Unless your system is firing on all cylinders, even our hottest Hot Stamper copies — the Super Hot and White Hot pressings with the biggest, most dynamic, clearest, and least distorted sound — can have problems. Your system should be thoroughly warmed up, your electricity should be clean and cooking, you’ve got to be using the right room treatments, and we also highly recommend using a demagnetizer such as the Walker Talisman on the record, your cables (power, interconnect and speaker) as well as the individual drivers of your speakers.

This is a record that’s going to demand a lot from the listener, and we want to make sure that you feel you’re up to the challenge. If you don’t mind putting in a little hard work, here’s a record that will reward your time and effort many times over, and probably teach you a thing or two about tweaking your gear in the process (especially your VTA adjustment, just to pick an obvious area many audiophiles neglect).

TRACK LISTING

Side One

Say What!
Lookin’ Out the Window
Look at Little Sister
Ain’t Gone ‘n’ Give Up on Love
Gone Home

Side Two

Change It
You’ll Be Mine
Empty Arms
Come On (Part III)
Life Without You

AMG Review

By adding two members to Double Trouble — keyboardist Reese Wynans and saxophonist Joe Sublett — Stevie Ray Vaughan indicated he wanted to add soul and R&B inflections to his basic blues sound, and Soul to Soul does exactly that. It’s still a modern blues album, yet it has a wider sonic palette, finding Vaughan fusing a variety of blues, rock, and R&B styles.

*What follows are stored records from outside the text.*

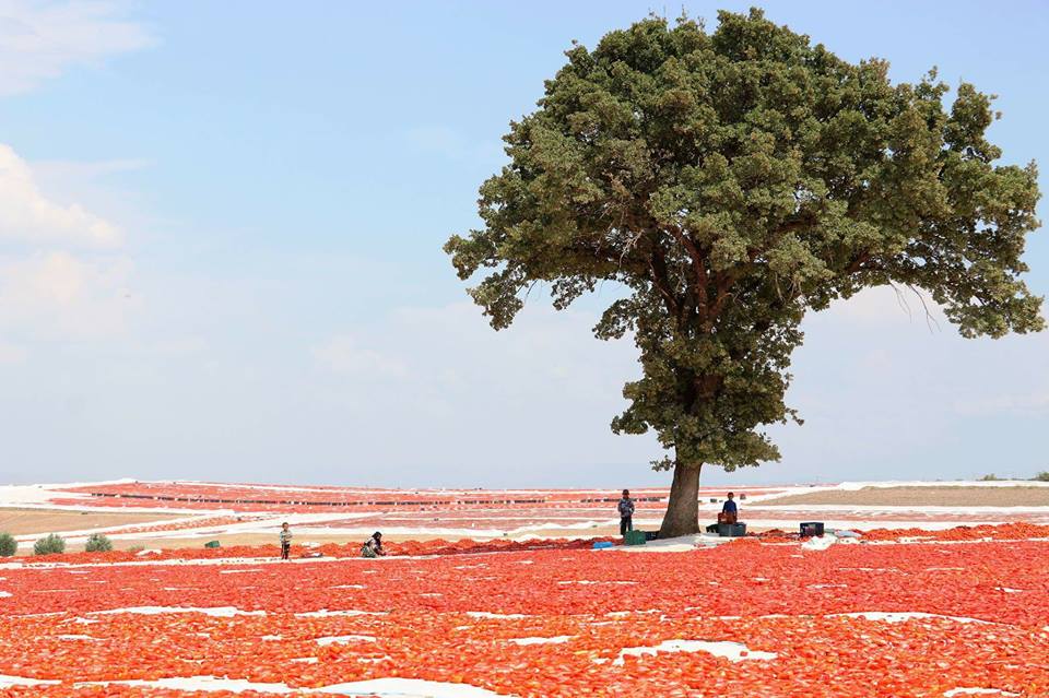 وفي هذه الأيام، يواصل المزارعون في منطقتي برغاما بولاية إزمير، وساروخانلي في مانيسا (غرب)، حصاد الطماطم لتجفيفها وجعلها جاهزة للتصدير.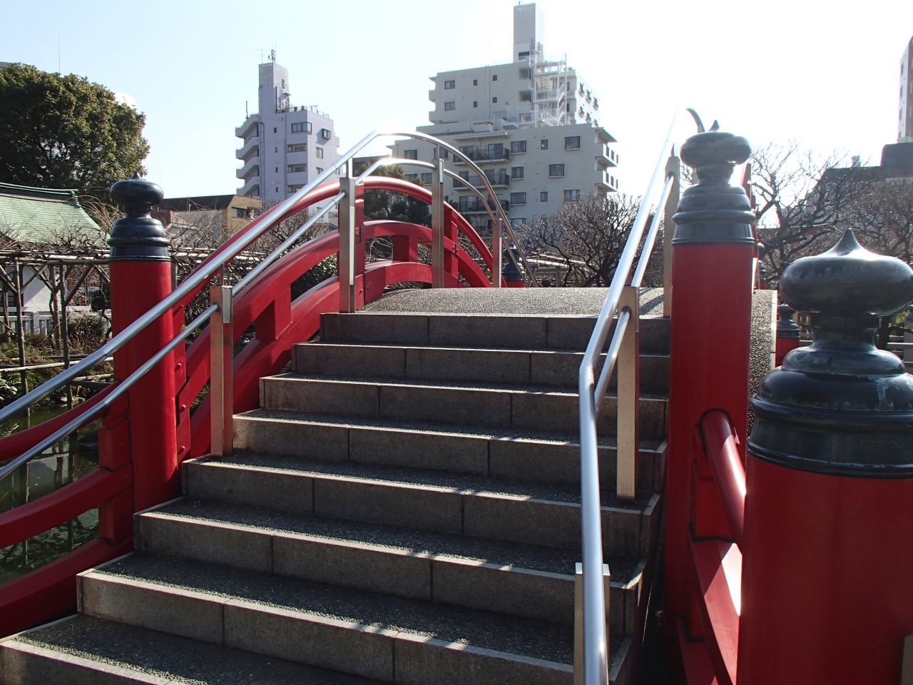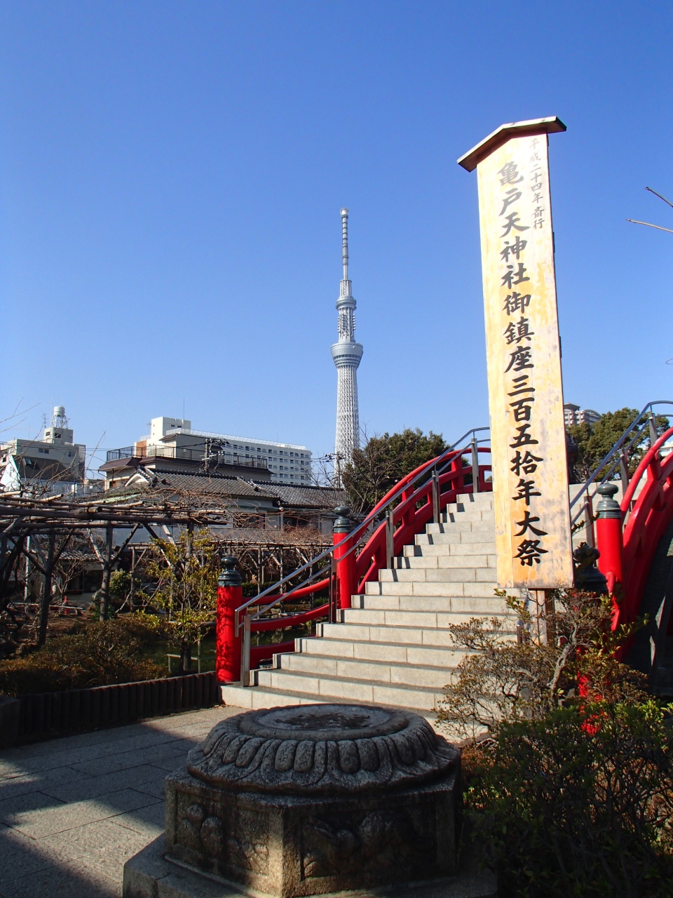 亀戸天神社 (かめいどてんじんしゃ)の太鼓橋です。この太鼓橋は、神社の大鳥居をくぐると心字池があり、3つの橋が架けれて、九州大宰府天満宮の境内にならって造られているみたいです。これは、三世一念の理を意識しているとの事で、橋をわたる事で心が清められます。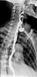 Imágenes en OPI en bipedestación donde se observa el paso de contraste por el esófago y una imagen sacular: divertículo esofágico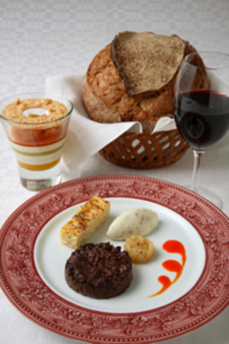 | おすすめの定番料理ブーダン ノワール、パン ド アラン・デュカス、ブランマンジェ |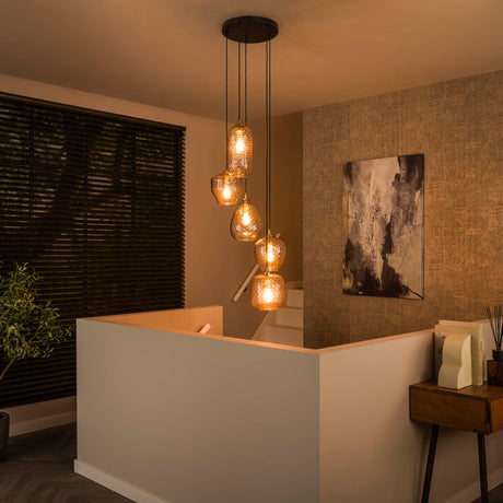 109,95Prix unitaire /IndisponibleSuspension en verre Olaf 5 lumières ambre or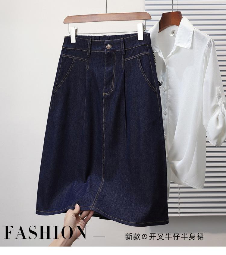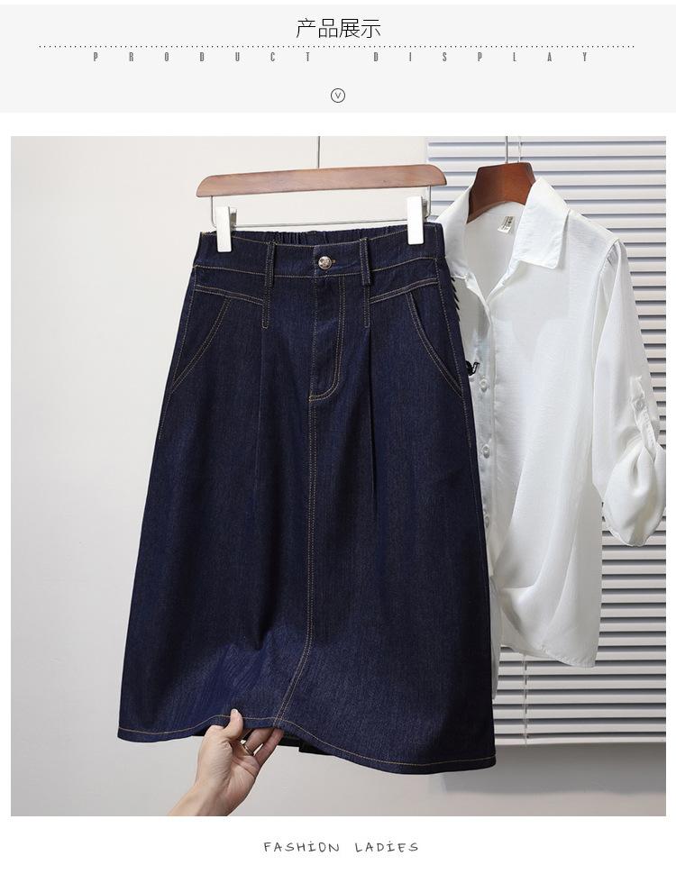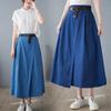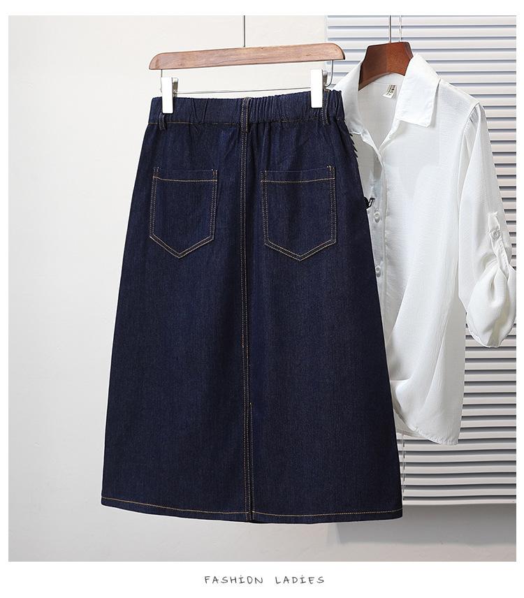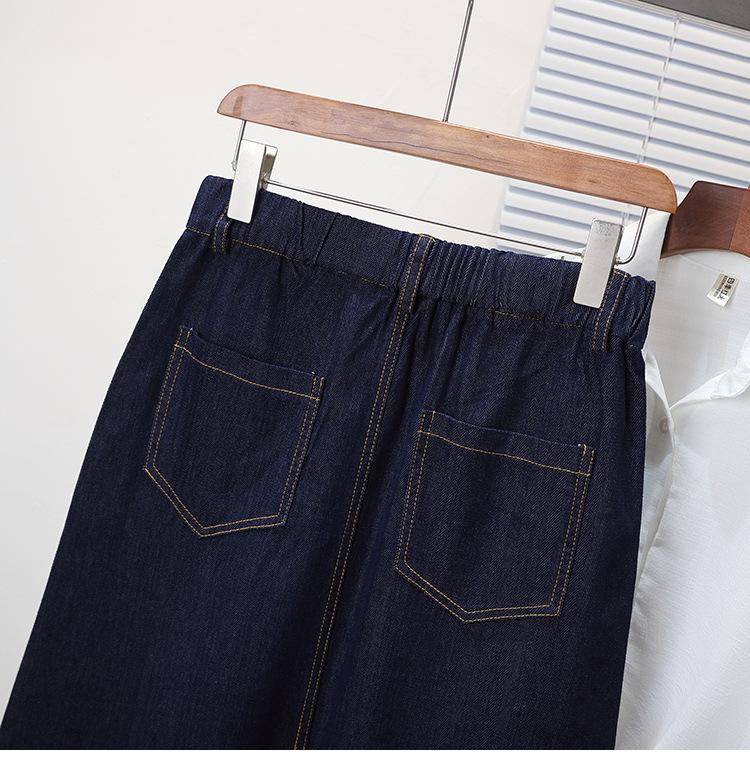 Falda vaquera de cintura alta, holgada, de longitud media, con cintura elástica, para verano de 2024, para mujeres gorditas.

Most of this is done through covers — notably Hank Ballard’s “Look at Little Sister,” the exquisitely jazzy “Gone Home,” and Doyle Bramhall’s impassioned soul-blues “Change It” — but Vaughan’s songwriting occasionally follows suit, as well. Even if only the tortured blues wailer “Ain’t Gone ‘n’ Give Up on Love” entered his acknowledged canon, he throws in some delightful soul-funk touches on “Say What!,” the instrumental wah-wah workout that kicks off the album, and the Curtis Mayfield-inspired closer, “Life Without You,” captures Vaughan at his best as a composer and performer. It’s such a seductive number — such a full realization of his soul-blues ambitions…

… his originals are sturdy, and there’s not a bad performance here, so Soul to Soul… clearly points the way to his 1989 masterpiece, In Step.